We of course enter many words that are mostly restricted in use to scientific contexts, and petrichor has a good chance of joining that league. But petrichor scientists (petrichorologists?) aren't publishing much, so it'll take some time. The general public—which is clearly charmed by the word—could do a lot to help its cause. We'll be watching.
*A query to our etymologist about the roots of this word provided us with the following, which was too interesting to keep to ourselves:
"The word pétra means "rock, stone" in Greek. The word íchōr is defined by Liddell and Scott as "the watery part of animal juices"; it is applied by Greek medical writers to blood serum, gall, or serous discharge of a wound, more generally by others to whey or the juice of underdone meat.
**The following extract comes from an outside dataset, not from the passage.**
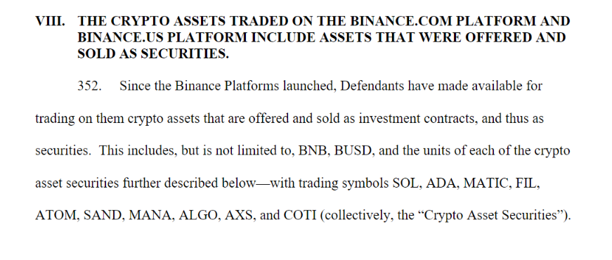 3、SEC 指控 Binance.US 销售作为证券的代币包括但不限于 BNB, BUSD, SOL, ADA, MATIC, FIL, ATOM, SAND, MANA, ALGO, AXS, COTI。SEC 强调列出的代币是“包括但不限于”。值得注意的是 ETH USDC USDT LTC 等交易量较大的代币没有被列入。此前美国 SEC 主席曾表示除了比特币以外的任何加密货币可能都含有证券属性。
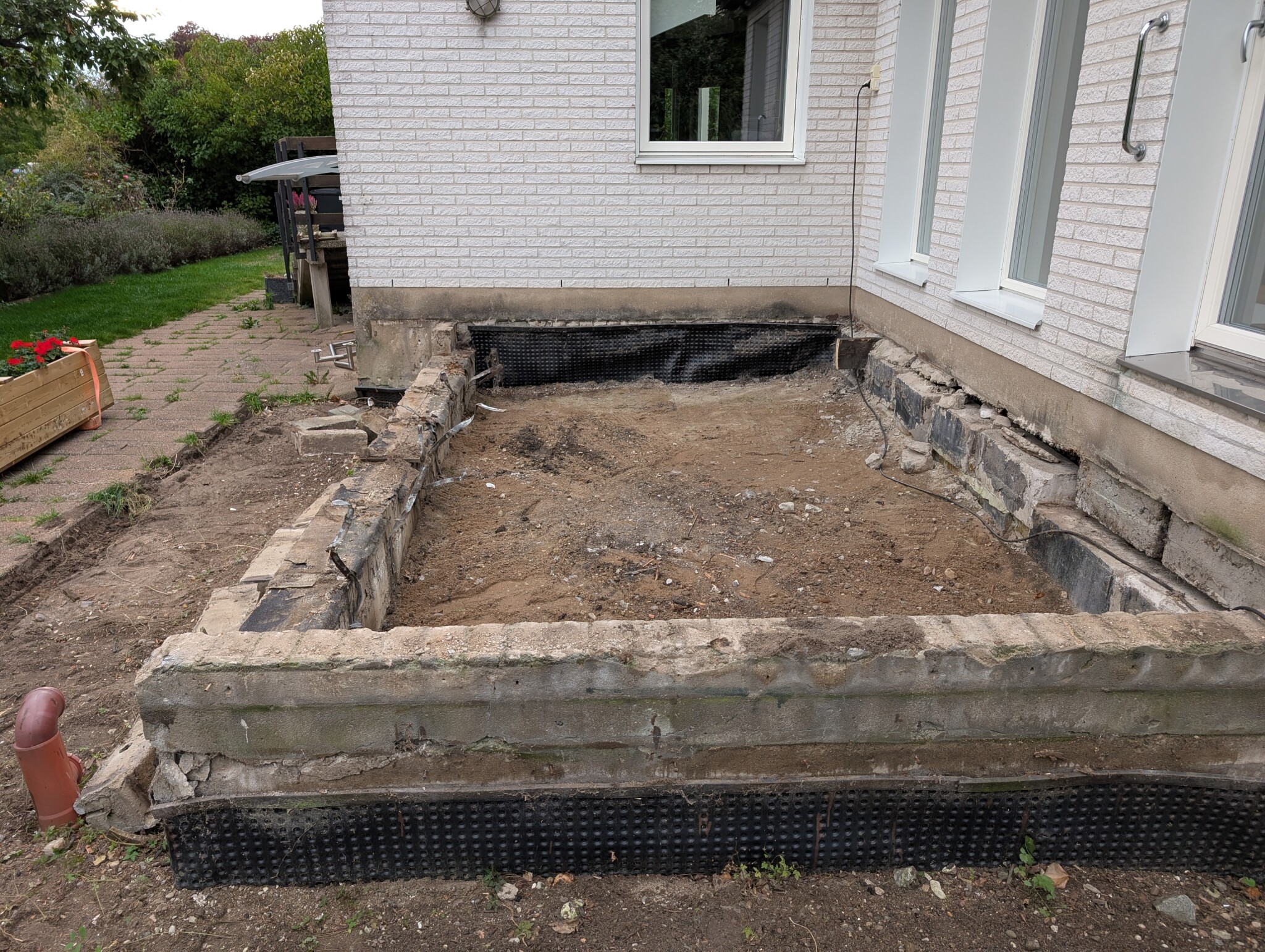 Skulle bara kratta ut lite ny täckbark vid häcken, men jag tycks ha hittat tomtmarkören vi inte sett tidigare. Vi har trott att gränsen går precis vid det lilla förrådet och att taket till och med är över, men så verkar ju inte vara fallet dåSpelar ingen roll för vår del men det är väl trevligt att veta. Om den nu inte blivit flyttad av nån någon gång.

Aeschylus appears to use it to mean simply "blood." In a well-known passage in the Iliad (5.339-42), the goddess Aphrodite is wounded in the wrist by the Greek warrior Diomedes, and "the immortal blood of the goddess flows." The poem then goes on to explain that this substance is "íchōr, such as flows in the blessed gods. For they do not eat grain, or drink sparkling wine—that is why they are bloodless and are called undying." Based on these lines, "ichor" has become a staple of Greek mythology, though some later commentators believe they are an interpolation in the Homeric text based on post-Homeric religious and philosophical concepts. In any event, “ethereal fluid taking the place of blood in the veins of the ancient Greek gods” as the Merriam-Webster online dictionary defines it, is now an accepted meaning of ichor in English."